→ **DATA SECTION**
——————

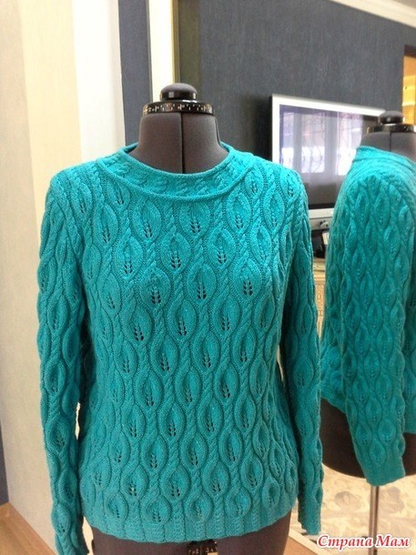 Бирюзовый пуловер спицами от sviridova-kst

——————

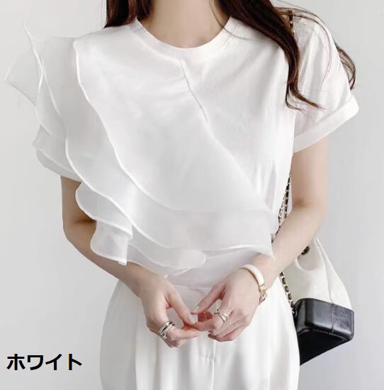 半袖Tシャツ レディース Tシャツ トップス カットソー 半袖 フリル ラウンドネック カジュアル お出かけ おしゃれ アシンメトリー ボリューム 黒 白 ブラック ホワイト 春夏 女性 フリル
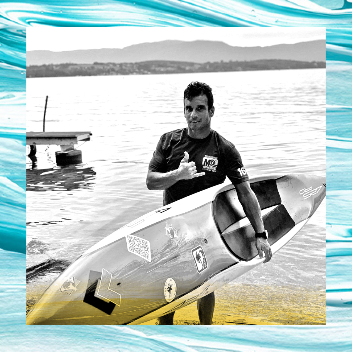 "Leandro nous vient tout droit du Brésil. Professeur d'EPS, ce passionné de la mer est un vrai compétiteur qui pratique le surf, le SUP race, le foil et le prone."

——————

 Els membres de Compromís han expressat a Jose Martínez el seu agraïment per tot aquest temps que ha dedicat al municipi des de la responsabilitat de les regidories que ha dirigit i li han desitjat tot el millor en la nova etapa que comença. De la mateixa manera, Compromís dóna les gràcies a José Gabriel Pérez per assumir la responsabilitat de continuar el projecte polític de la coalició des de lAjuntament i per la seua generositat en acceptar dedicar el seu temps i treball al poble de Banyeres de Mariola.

——————

→ **WHAT YOU WILL DO**
Repeat the lines above exactly, beginning with the one containing "半袖Tシャツ レディース Tシャツ" and finishing with the one containing "nous vient tout". No pictures belong in the copy.

→ **FINAL ANSWER**
 半袖Tシャツ レディース Tシャツ トップス カットソー 半袖 フリル ラウンドネック カジュアル お出かけ おしゃれ アシンメトリー ボリューム 黒 白 ブラック ホワイト 春夏 女性 フリル
 "Leandro nous vient tout droit du Brésil. Professeur d'EPS, ce passionné de la mer est un vrai compétiteur qui pratique le surf, le SUP race, le foil et le prone."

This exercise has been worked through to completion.